● **Task prompt**: Every line of the material is to be transcribed verbatim, with images omitted.

═══ Dataset content

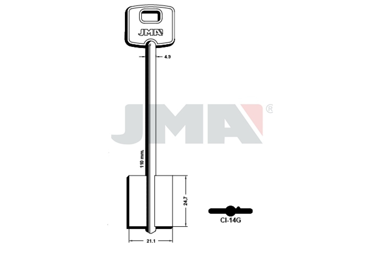 Заготовка ключа JMA CSL (P)/CI 14G(J) забезпечує точний і надійний дублікат для регулярного використання.
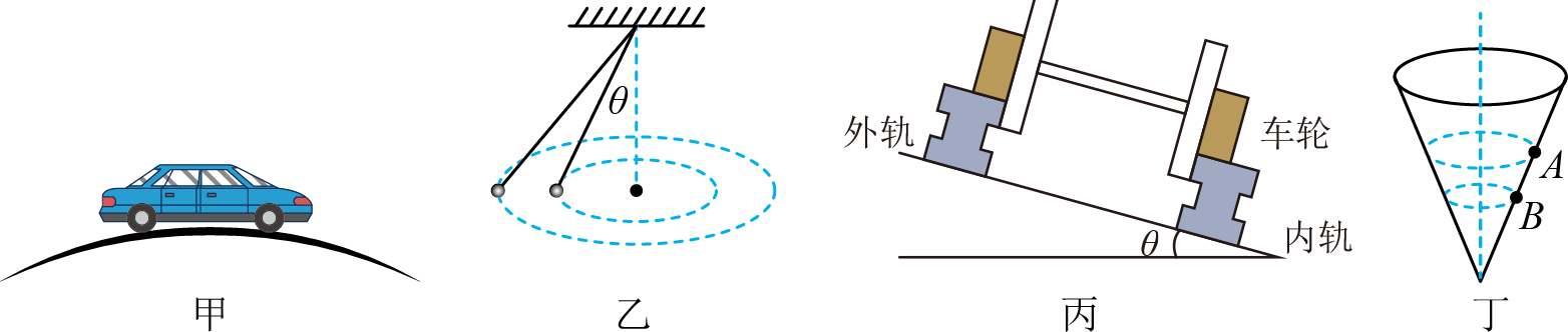 | D.图丁中同一小球在固定不动的光滑圆锥筒内不同位置做水平匀速圆周运动时角速度相同 |
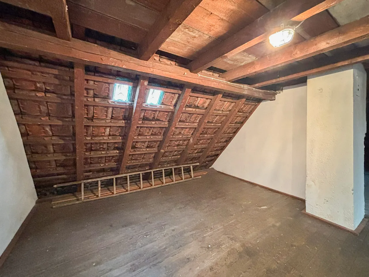 Im Inneren erwartet Sie eine gemütliche Wohnatmosphäre, die durch sichtbare Holzbalkenelemente in einigen Räumen des Erdgeschosses zusätzlich unterstrichen wird. Die Etagen sind über eine schöne, alte Holztreppe miteinander verbunden. Das Wohnzimmer bildet das Herzstück des Hauses – hier sorgt ein Kaminofen an kühleren Tagen für wohlige Wärme und schafft eine behagliche Stimmung. Ergänzt wird die Wärmeversorgung durch eine moderne Gastherme, die erst 2020 erneuert wurde. Das Badezimmer präsentiert sich in einer angenehmen Größe und ist in einem zeitlos-neutralen Stil gehalten, sodass es problemlos an individuelle Gestaltungsvorlieben angepasst werden kann. Ein weiterer Pluspunkt: Im Dachgeschoss besteht die Möglichkeit, zusätzlichen Wohnraum zu schaffen – ideal für ein weiteres Schlafzimmer. Zu beachten ist, dass die Deckenhöhe in einigen Wohnräumen teilweise nur etwa 2 Meter beträgt, was jedoch dem wohnlichen Charakter keinen Abbruch tut.

══════

● **Task answer**:
 Заготовка ключа JMA CSL (P)/CI 14G(J) забезпечує точний і надійний дублікат для регулярного використання.
 | D.图丁中同一小球在固定不动的光滑圆锥筒内不同位置做水平匀速圆周运动时角速度相同 |
 Im Inneren erwartet Sie eine gemütliche Wohnatmosphäre, die durch sichtbare Holzbalkenelemente in einigen Räumen des Erdgeschosses zusätzlich unterstrichen wird. Die Etagen sind über eine schöne, alte Holztreppe miteinander verbunden. Das Wohnzimmer bildet das Herzstück des Hauses – hier sorgt ein Kaminofen an kühleren Tagen für wohlige Wärme und schafft eine behagliche Stimmung. Ergänzt wird die Wärmeversorgung durch eine moderne Gastherme, die erst 2020 erneuert wurde. Das Badezimmer präsentiert sich in einer angenehmen Größe und ist in einem zeitlos-neutralen Stil gehalten, sodass es problemlos an individuelle Gestaltungsvorlieben angepasst werden kann. Ein weiterer Pluspunkt: Im Dachgeschoss besteht die Möglichkeit, zusätzlichen Wohnraum zu schaffen – ideal für ein weiteres Schlafzimmer. Zu beachten ist, dass die Deckenhöhe in einigen Wohnräumen teilweise nur etwa 2 Meter beträgt, was jedoch dem wohnlichen Charakter keinen Abbruch tut.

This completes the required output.